* WHAT IS EXPECTED *
Your task is to give the listing below back word for word, pictures excluded.

* DATA SECTION *
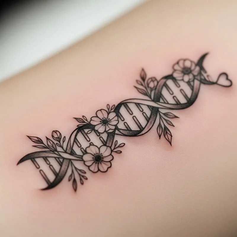 DNA helix tattoos celebrate the scientific marvel of genetic inheritance while creating visually striking designs that represent family connections at the molecular level. These modern, sophisticated designs appeal to families who appreciate the intersection of science and art while honoring biological and chosen family bonds. The double helix structure provides excellent framework for incorporating family elements like initials, birthdates, or small symbols within the spiral pattern. You can customize colors to represent different family members or use gradient effects to show generational flow. Some designs incorporate actual genetic sequencing data for families who want scientific accuracy, while others use artistic interpretation to create beautiful, meaningful patterns.
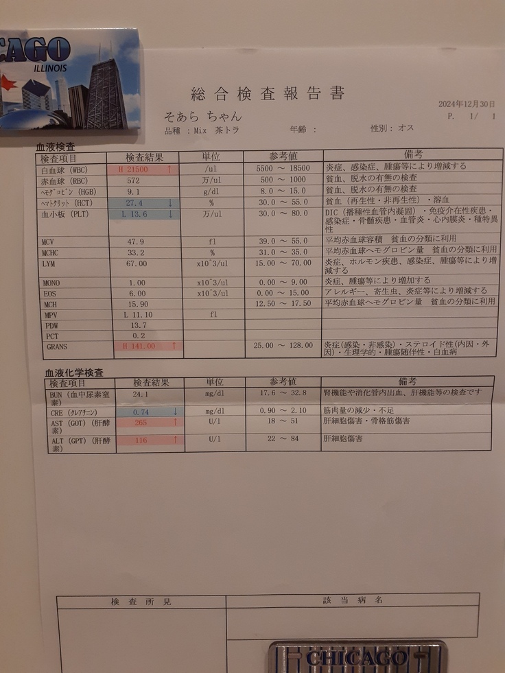 11月22日も血尿がでて、様々な検査をし、結果、膀胱洗浄等をして投薬により改善されたかと思っていましたが29日血尿と酷い痛みが確認されましたので入院、30日夕方退院してきました。
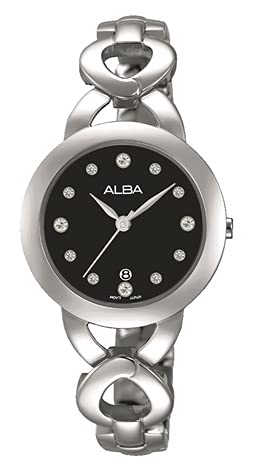 Alba - ساعة كاجوال للنساء من البا AH7G99X1، انالوج بعقارب، بمينا اسود، بسوار فضي
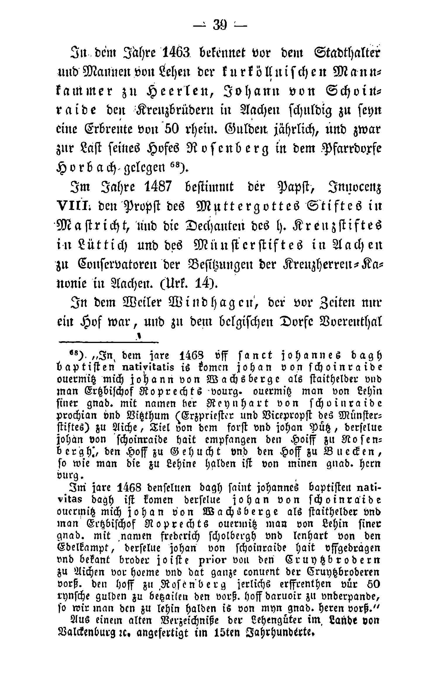 Im jare 1468 denseluen dagh saint johannes baptisten nativitas dagh ist komen derselue johan von schoinraide ouermitz mich johan von Wachsberge als staithelder vnd man Ertzbischof Roprechts ouermitz man von Lehin siner gnad. mit namen frederich scholbergh vnd lenhart von den Edelkampt, derselue johan von schoinraide hait vffgedragen vnb bekant brober joiste prior von den Cruytzbrodern zu Aichen vor hoeme vnd dat ganze conuent der Cruytzbroderen vorß. den hoff zu Rosenberg jerlichs erffrenthen vür 50 rynsche gulten zu betzailen den vorß. hoff daruoir zu vnderpande, so wir man den zu lehin halden is von myn gnad. heren vorß.“

* YOUR RESPONSE *
 DNA helix tattoos celebrate the scientific marvel of genetic inheritance while creating visually striking designs that represent family connections at the molecular level. These modern, sophisticated designs appeal to families who appreciate the intersection of science and art while honoring biological and chosen family bonds. The double helix structure provides excellent framework for incorporating family elements like initials, birthdates, or small symbols within the spiral pattern. You can customize colors to represent different family members or use gradient effects to show generational flow. Some designs incorporate actual genetic sequencing data for families who want scientific accuracy, while others use artistic interpretation to create beautiful, meaningful patterns.
 11月22日も血尿がでて、様々な検査をし、結果、膀胱洗浄等をして投薬により改善されたかと思っていましたが29日血尿と酷い痛みが確認されましたので入院、30日夕方退院してきました。
 Alba - ساعة كاجوال للنساء من البا AH7G99X1، انالوج بعقارب، بمينا اسود، بسوار فضي
 Im jare 1468 denseluen dagh saint johannes baptisten nativitas dagh ist komen derselue johan von schoinraide ouermitz mich johan von Wachsberge als staithelder vnd man Ertzbischof Roprechts ouermitz man von Lehin siner gnad. mit namen frederich scholbergh vnd lenhart von den Edelkampt, derselue johan von schoinraide hait vffgedragen vnb bekant brober joiste prior von den Cruytzbrodern zu Aichen vor hoeme vnd dat ganze conuent der Cruytzbroderen vorß. den hoff zu Rosenberg jerlichs erffrenthen vür 50 rynsche gulten zu betzailen den vorß. hoff daruoir zu vnderpande, so wir man den zu lehin halden is von myn gnad. heren vorß.“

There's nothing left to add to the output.